Не ожидая, что ответит бабушка, дед Менахем-Мендл, на секунду оторвавшись от чтения газеты, коротко бросает:
— По дурости. Вырастешь большой — сам увидишь, сколько среди евреев дураков.
— А среди русских? — интересуюсь я.
— И среди русских тоже хватает, — говорит дед. — Но уж если еврей дурак — то такой дурак, что его можно в музее показывать.
И, завершив этими словами свою сентенцию, дед снова углубляется в газету.
— Велвелэ, — говорит бабушка, — вовсе не сумасшедший. Он больной.

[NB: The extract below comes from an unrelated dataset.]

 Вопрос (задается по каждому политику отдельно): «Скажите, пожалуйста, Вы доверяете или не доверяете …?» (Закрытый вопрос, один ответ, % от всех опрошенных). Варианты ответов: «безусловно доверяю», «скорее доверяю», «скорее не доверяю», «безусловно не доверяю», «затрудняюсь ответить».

Когда ему было лет десять-одиннадцать, он однажды попал в поле в страшную грозу, сильно перепугался, стал заговариваться, а потом замолчал.
— Но со мной он разговаривает, — замечаю я.

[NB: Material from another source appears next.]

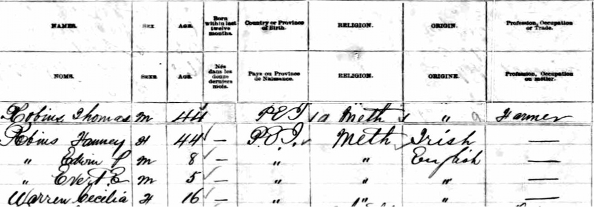 | Witness | He was enumerated on the census in 1881 in the household of Thomas Robins in Lot 26, Prince County, Prince Edward Island, CanadaG. Thomas (age 44) was listed as a farmer and Baptist. Within the household were his wife Fanney (age 44), sons Edwin P. (age 8) and Everett (Evert) E. (age 5). Also in the household was Cecilia Warren (age 16), probably a domestic.1 1881 Canada Census, Lot 26, Prince County, Prince Edward Island. Household of Thomas Robins, his wife Frances Boyle, children Edwin & Evert. |

— Это потому, — объясняет бабушка, — что он тебя не боится и знает, что ты его не обидишь.

* * *
Я всегда удивлялся, почему, встретив деда, Велвелэ неизменно широко улыбался и долго тряс ему руку, словно благодарил за что-то. Оказывается, действительно благодарил, о чем я узнал много лет спустя от одного из моих земляков. А случилась эта история еще до моего рождения.
…Жил в нашем местечке мясник по имени Шабтай, а по прозвищу «дер фарштиникер» — Вонючка. Так вот, и дед, и Велвелэ имели к этому благоухающему сортирному прозвищу самое непосредственное отношение, ибо благодаря им оно, собственно, и родилось.

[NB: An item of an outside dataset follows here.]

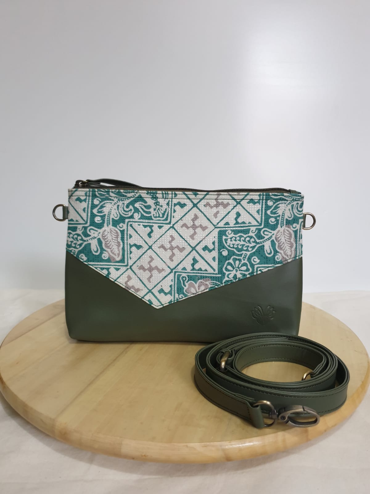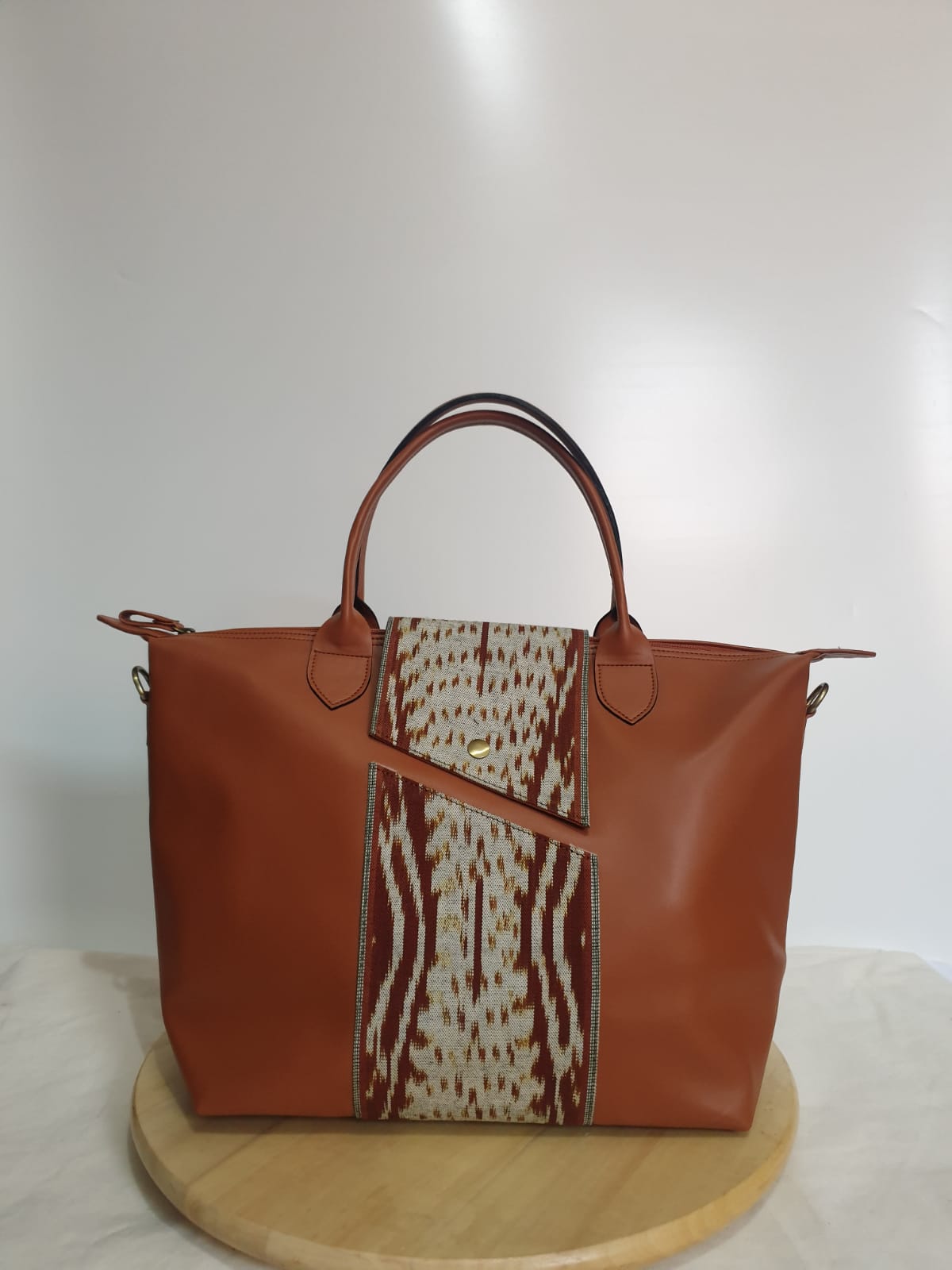 Tjhin Santy, memproduksi tas dengan bahan dasar kain etnik Indonesia, biasa dijual secara retail satuan atau bisa dipesan custom untuk suvenir atau untuk brand milik customer

В те времена, о которых идет здесь речь, Велвелэ уже пас общественное стадо. Была в нем и корова Шабтая. Однажды она отбилась от стада и ее нигде не могли найти. Хозяин пригрозил пастуху, что прибьет его, если к утру буренка не вернется в стойло. Всю ночь Велвелэ бродил по окрестностям, пока перед самым рассветом не обнаружил корову на еврейском кладбище. С радостной улыбкой он пригнал корову на хозяйский двор, сообщил Шабтаю, где нашел ее — и тут разъяренный Шабтай набросился на пастуха с кулаками. Он кричал, что из-за кладбищенской травы молоко придется вылить, он бил Велвелэ по спине и по лицу. Пастух громко заплакал и упал ничком на землю, прикрывая голову руками.
На шум сбежались во двор прохожие. Среди первых там оказался дед — он шел мимо шабтаева дома, направляясь к утренней субботней молитве в синагогу. Тут нелишне будет заметить, что дед мой, высокий и широкоплечий, обладал немалой физической силой — в семьдесят лет он свободно поднимал одной рукой двухпудовую гирю. Подойдя к Шабтаю сзади, он перехватил его поперек туловища, легко оторвал от земли и, пройдя десяток шагов, на глазах у всех аккуратно столкнул в выгребную яму, которую только накануне очистил от дерьма местечковый золотарь Зяма по прозвищу «Как».
И тут, по свидетельству земляка, дед произнес свою знаменитую фразу, которую потом долго повторяло все местечко:
— Всегда можно совершить богоугодное дело, даже если оно пахнет говном.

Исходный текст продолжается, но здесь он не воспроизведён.